The differences in design across panels stem, to some extent, from differences in methodological convictions about optimal survey strategies and, to a further extent, from differences in funding structures and the institutional settings of the panels. For example, whether a panel encourages questionnaire submissions from the general research community depends on the overall purpose of the panel and the reasons why the respective national research council funded the study. Decisions about start date and frequency of waves (every month or every second month) depend on the panel’s capacity for managing frequent questionnaire design and programming cycles, as well as on convictions about the relationship between attrition rates, interview frequency, and timing of wave invitations. Unfortunately, while there is empirical evidence about some design decisions, such as the effect of contact mode and incentives at recruitment (see Section 4), the effect of organizational decisions on the general design of surveys, such as the outsourcing of survey operations and the timing of each wave, remains untested.
Target Populations, Coverage, and Sampling
The key goal of all four panels is to repeatedly survey a sample of the general population in a self-completion mode over time, yet also including persons who have no private access to a computer and/or the Internet, or who hesitate to participate online, despite having access to the necessary equipment. Table 2 displays how the panels chose to accomplish this goal in terms of coverage and sampling. The strategies vary across panels; some of this variation is due to differences across countries in available sampling frames. However, the numerous differences also reflect the array of options available to achieve this one goal.
Target Populations, Coverage, and Sampling.

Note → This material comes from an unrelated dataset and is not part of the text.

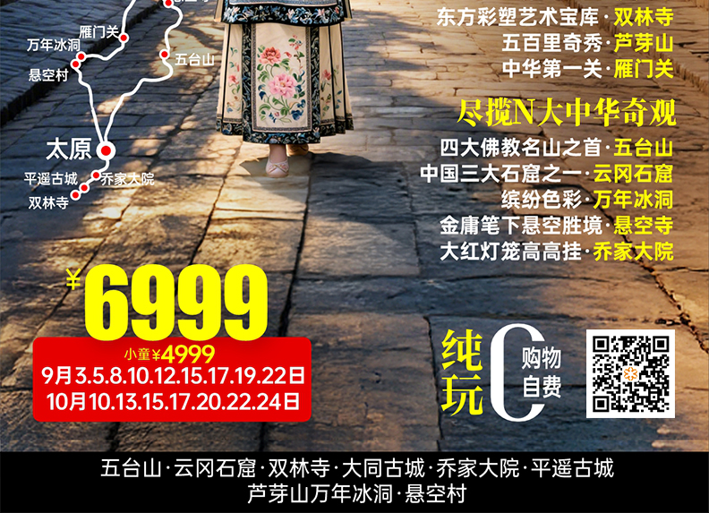 ●行程健康安全重要提醒:为保障出行安全,以下人员请勿参团:患有心脏病、高血压、伴有高热或严重呼吸道症状的重症感冒、心肌梗塞、中风、严重哮喘、癫痫、未痊愈的传染性疾病、慢性阻塞性肺疾病、严重心律失常、不稳定型心绞痛、急性肾炎、慢性肾衰竭、糖尿病等疾病者,以及半年内接受过手术的客人。请如实申报健康状况,若隐瞒病情强行参团,由此产生的一切后果由客人自行承担。旅途中如身体不适,请立即告知工作人员并配合就医。

One key difference across panels is the unit of analysis. While the LISS Panel is a panel of households, the GIP, the ELIPSS Panel, and the GESIS Panel are panels of individuals. In household panels, researchers are primarily interested in the household as a whole and in interactions between household members. Household panels thus typically aim to interview all household members, which allows for analyzing household dynamics and individual characteristics (e.g., Cherchye, De Rock, & Vermeulen, 2012). In panels of individuals, by contrast, the research questions focus on individual characteristics, attitudes, and behaviors. The choice of a household versus an individual panel has operational consequences. The LISS Panel follows all original household members also when a household splits up and when new members enter an existing household. Household members who become age eligible (i.e., turn 16 years old) are invited into the panel. The GIP also interviews all household members who are age eligible and live in a selected household at recruitment. However, it is a panel of individuals who are clustered in households rather than a household panel. The key difference is that the GIP only follows those persons who were part of the sample at the time of recruitment. New household members and children who become age eligible during the lifetime of the panel are not invited to participate in the GIP. Both the ELIPSS and the GESIS Panels recruit individuals, typically one person per household, and follow these individuals, rather than the entire household, over time.

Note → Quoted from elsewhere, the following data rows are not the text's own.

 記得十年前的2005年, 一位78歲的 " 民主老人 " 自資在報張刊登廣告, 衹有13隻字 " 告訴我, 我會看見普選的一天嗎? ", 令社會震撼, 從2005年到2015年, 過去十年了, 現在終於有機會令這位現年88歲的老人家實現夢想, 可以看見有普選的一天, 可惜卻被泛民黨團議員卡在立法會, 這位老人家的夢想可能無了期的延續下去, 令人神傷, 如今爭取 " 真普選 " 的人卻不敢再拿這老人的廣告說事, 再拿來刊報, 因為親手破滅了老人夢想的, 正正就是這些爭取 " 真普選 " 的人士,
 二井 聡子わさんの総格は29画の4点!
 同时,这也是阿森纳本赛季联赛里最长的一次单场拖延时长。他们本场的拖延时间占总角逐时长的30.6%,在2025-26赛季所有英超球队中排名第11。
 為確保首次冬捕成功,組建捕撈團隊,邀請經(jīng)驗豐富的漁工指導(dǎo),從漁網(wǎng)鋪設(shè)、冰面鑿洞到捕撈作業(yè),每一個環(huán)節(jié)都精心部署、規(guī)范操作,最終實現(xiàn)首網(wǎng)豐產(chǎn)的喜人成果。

The four panels follow different strategies regarding how sample units that do not have a computer and/or Internet at the time of recruitment are included in the panel. The LISS Panel equips previously offline households with broadband Internet and a special computer, the so-called simPC. It is operated by large “buttons” for the most frequently used functions and has screens that are designed to be easily readable for people who are sight impaired. In addition, a large button with an LISS logo is available for easy access to the questionnaires. Within offline households, all household members can participate in the panel via this equipment. When a household moves, all the equipment is re-installed by a service company or the respondent at the household’s new address. In case a split-off household is followed, new equipment is installed at the new household, if necessary.
The GIP also equips previously offline households with a user-friendly computer and broadband (3G or LTE) Internet. In 2012, the computer equipment consisted of a BenPC, a specially programmed touch-screen desktop computer, which is very similar in its operation to the LISS simPC. Given the rapid technological advances in user-friendly tablet computers, the GIP changed its equipment for the previously offline households in the 2014 refreshment sample to tablets with a special GIP interface and an external keyboard. When original sample members in an equipped household move, the GIP ensures that all equipment is reinstalled at the new location and, if necessary, new equipment is provided. Since the GIP is a panel of individuals, only the originally sampled persons are followed over time and, if needed, equipped with a computer/tablet and Internet access.
The ELIPSS is a sample of individuals and provides every panel member whether previously online or offline with an A5-sized tablet computer and free 3G Internet access. The equipment is thus a personal device, independent of household structures and moves. Interviews are conducted through a special ELIPSS app installed on each tablet, thus eliminating differences in the online display of questions across different types of computer systems (see Callegaro, 2010; Couper, 2008, ch. 4; Tourangeau, Conrad, & Couper, 2013, see also the unimode design principle put forward by Dillman, Smyth, & Christian, 2009, ch. 6; Link et al., 2014).
Finally, the GESIS Panel surveys persons who are unable or unwilling to participate online via mailed paper questionnaires. Because it is a sample of individuals, the GESIS Panel does not follow household splits, but regularly updates its address database for panel members who move, to ensure that letters and mailed paper questionnaires reach their destination.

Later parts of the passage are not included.